Actually, I've managed to reproduce. Just took forever. So in a debug build I get: ###!!! ASSERTION: nsVoidArray::FastElementAt: index out of range: '0 <= aIndex && aIndex < Count()', file ../../../dist/include/xpcom/nsVoidArray.h, line 72 and the top several frames are: #0 nsVoidArray::FastElementAt (this=0x7fffddb9d4a0, aIndex=0) at ../../../dist/include/xpcom/nsVoidArray.h:73 #1 0x00007fffe8b74166 in nsCOMArray_base::ObjectAt (this=0x7fffddb9d4a0, aIndex=0) at ../../../dist/include/xpcom/nsCOMArray.h:100 #2 0x00007fffe8b7590a in nsCOMArray<gfxIImageFrame>::ObjectAt (this= 0x7fffddb9d4a0, aIndex=0) at ../../../dist/include/xpcom/nsCOMArray.h:160 #3 0x00007fffe8b74bfe in nsCOMArray<gfxIImageFrame>::operator (this= 0x7fffddb9d4a0, aIndex=0) at ../../../dist/include/xpcom/nsCOMArray.h:170 #4 0x00007fffe8b6f624 in imgContainer::GetFrameAt (this=0x7fffddb9d470, index=0, _retval=0x7fffddaae028) at ../../../../mozilla/modules/libpr0n/src/imgContainer.cpp:218 So someone's doing a GetFrameAt on an imgContainer but the imgContainer's mFrames has length 0. Then we try to addref whatever random pointer we get out of mFrames and crash.

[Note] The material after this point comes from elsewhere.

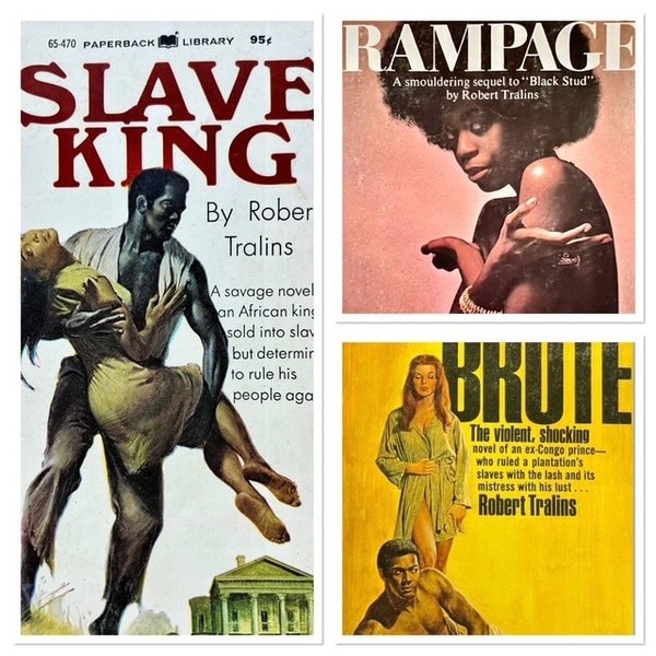Prolific author Robert Tralins was one of the main American contributors to the genre. Tralins started in the pulps and is believed to have written over 250 books under various names and across multiple popular genres. He would seem to have written seven plantation-styled books, which, like the rest of his genre output, featured lots of sex and violence. Not surprisingly, his books have been criticised for their predictable plotting and poor writing, and how they depict “black people in a dehumanizing and hypersexualized manner”. Nevertheless they proved very popular in America and the United Kingdom, and elsewhere.
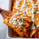 Experience the bold and creamy flavors of Buffalo Chicken Enchiladas, featuring shredded chicken wrapped in tortillas, smothered in a spicy buffalo tomato sauce with melted cheese, perfect for a flavorful and comforting meal.

Oh, and the "someone" is nsJPEGDecoder::ProcessData. And mNumFrames is 1 in the imgContainer. The relevant code is gone on 1.9.2; it was removed in bug 753.
And the key is that under that GetFrameAt call we call imgContainer::RestoreDiscardedData which returns without restoring because mDiscarded is false. Looks like a regression from bug 296818. Presumably it can still bite us in other ways, if mDiscarded can be not matching reality. Joe, Bobby, can you look into this?
ccing Federico too, since this is his code.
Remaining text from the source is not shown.